Comparison of Shannon diversity and richness of sequences in four treatment categories. The asterisks indicate significant differences between the categories of treatment status, with significance determined by pairwise comparisons from model 9 from Table S2 in the supplemental material, which contain a term for time and are therefore not in violation of the assumption of independence (see the text). A highly significant (P = 6.59e−05) decrease in richness was observed in samples collected during antibiotic treatment compared to that in samples collected during periods of stability. Richness also decreased in a comparison of the samples collected before treatment to treatment (P = 0.0013) and stable to recovery (P = 0.0104). *, P < 0.05; **, P < 0.01; ***, P < 0.001.

DISCUSSION

This study represents the most intensive sampling of a single CF patient to date. Our goals were to determine if changes in bacterial abundance may predict an oncoming PE and to identify changes in the microbiota associated with antibiotic use or time. While other studies have attempted to identify biomarkers that aid in the prediction of a PE and the progression of lung disease in CF (11, 30), ours is the first to obtain samples so frequently from a CF patient over a long-term period. Our study was based upon the assumption that a detectable shift in the bacterial community precedes a PE. Testing our assumption required a longitudinal study to reveal the relationship between disease progression, the occurrence of a PE, and various components of a bacterial community, such as the change in diversity, richness, or the abundances of specific members of the microbiota (31). Our goal was to determine if a bacteria-derived biomarker can be identified and result in antibiotic treatment being initiated early in the course of a PE and reduce the symptoms that would otherwise cause damage to the lungs. Identifying a change in microbiota that precedes a PE requires frequent patient sampling, since the length of time between the changes in the bacterial community and PE onset is unknown (14). Previous cross-sectional studies examining the diversity of the microbiota in the lungs of CF patients collected samples at a frequency or for a length of time that did not reveal potential short-term changes associated with a PE (32, 33).

qPCR reveals unstable microbiota over time.
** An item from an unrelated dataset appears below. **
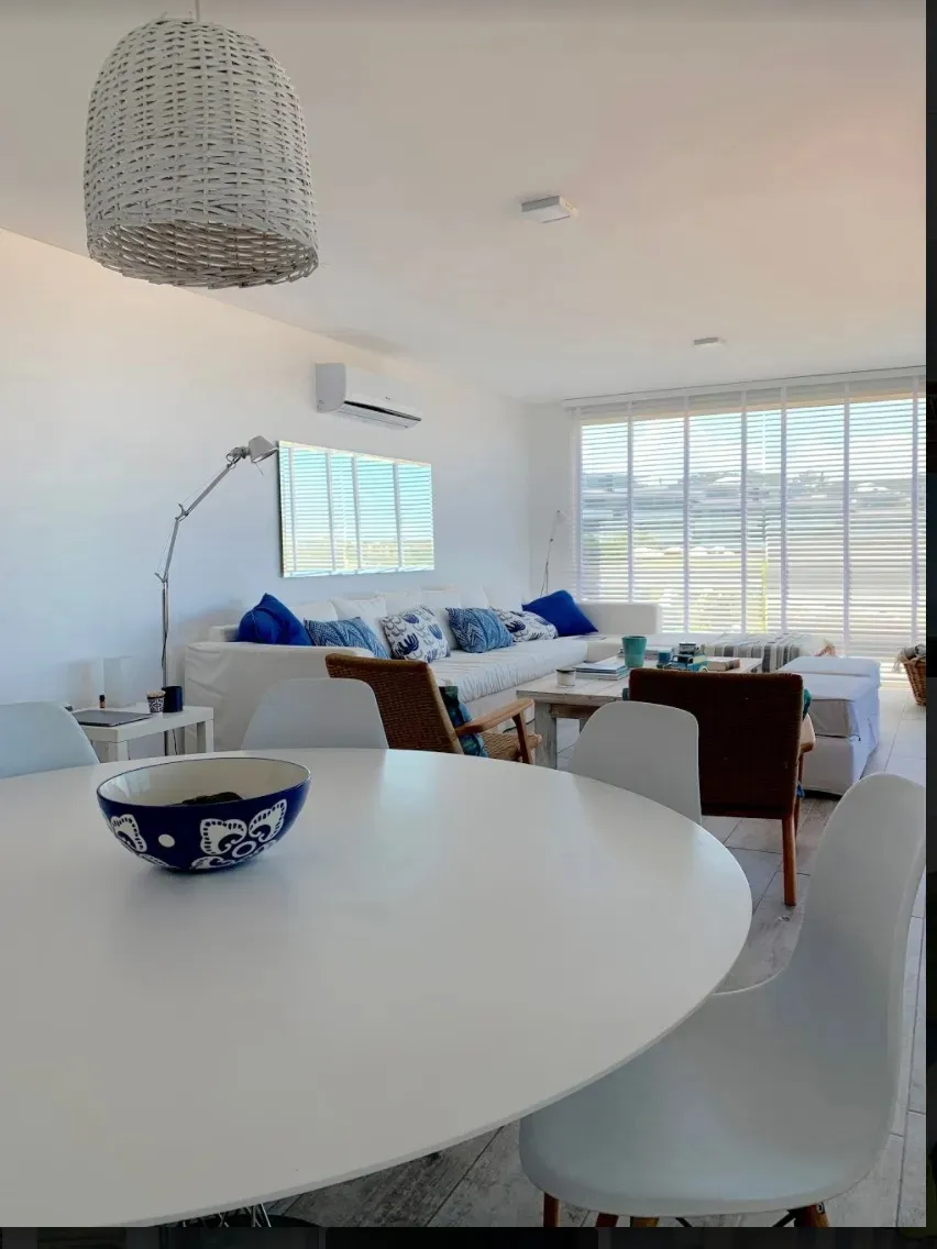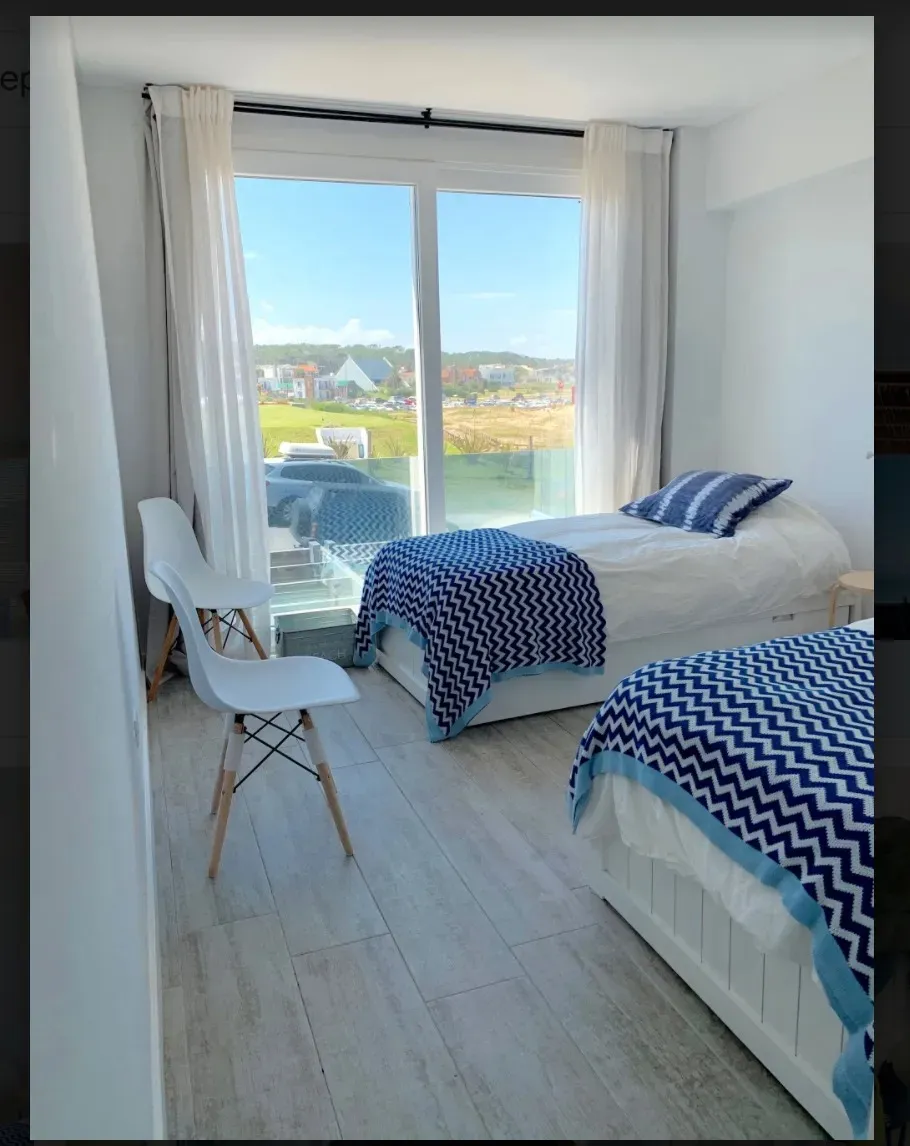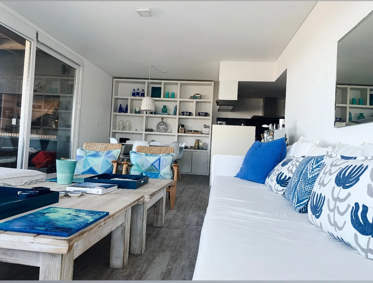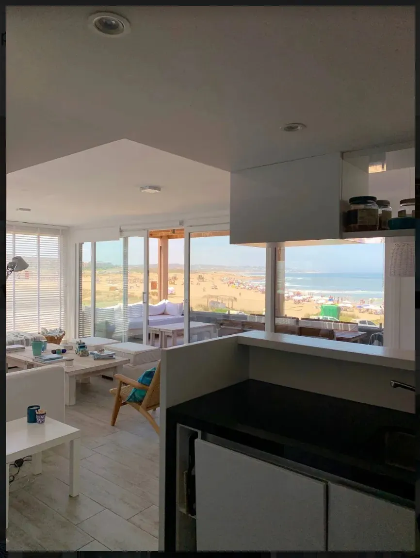 Se alquilan juntos dos departamentos independientes en Palcos del Mar, Montoya, a pasos del mar. El departamento principal tiene 145 m² y dispone de 3 dormitorios (1 en suite y 2 que comparten 1 baño), living, cocina comedor integrada y terraza de 24 m² con parrillero y vista al mar. El departamento secundario, ubicado un piso más abajo, tiene 25 m², 1 dormitorio y 1 baño, con independencia total. Precios por quincena: 1Q de enero USD 35.000; 2Q de enero USD 20.000.

A great deal of sample-to-sample variation was observed in our qPCR data over the sampling period. This change in absolute bacterial abundance between adjacent samples may be subject to misinterpretation if a sputum sample containing a low number of bacteria was compared to a sequential sample that originated from a region of the lungs containing a large number of bacterial cells. Recent culture-independent studies have revealed a spatial distribution of distinct microbial communities in the CF lung. Goddard et al. (34) and Willner et al. (35) both observed distinct clustering of microbial communities in various areas of the lung by examining explant lung samples. These studies suggest that since the origin of expectorated sputum cannot be identified, any two sputum samples collected from an individual patient are expected to vary. The degree to which the microbiota may vary between samples may be difficult to resolve using 16S rRNA gene sequencing due to, as Willner et al. (35) stated, “spatial heterogeneities.” Based on these studies and our small standard deviation in the qPCR data between at least three technical replicates for each sample (see Fig. 1), it is likely that the variation in our qPCR data may have occurred due to spatial distribution of dense bacterial clusters within the lungs. As we demonstrated across a 3-year period, a high variation between any two samples can be compensated for by frequent collection of samples.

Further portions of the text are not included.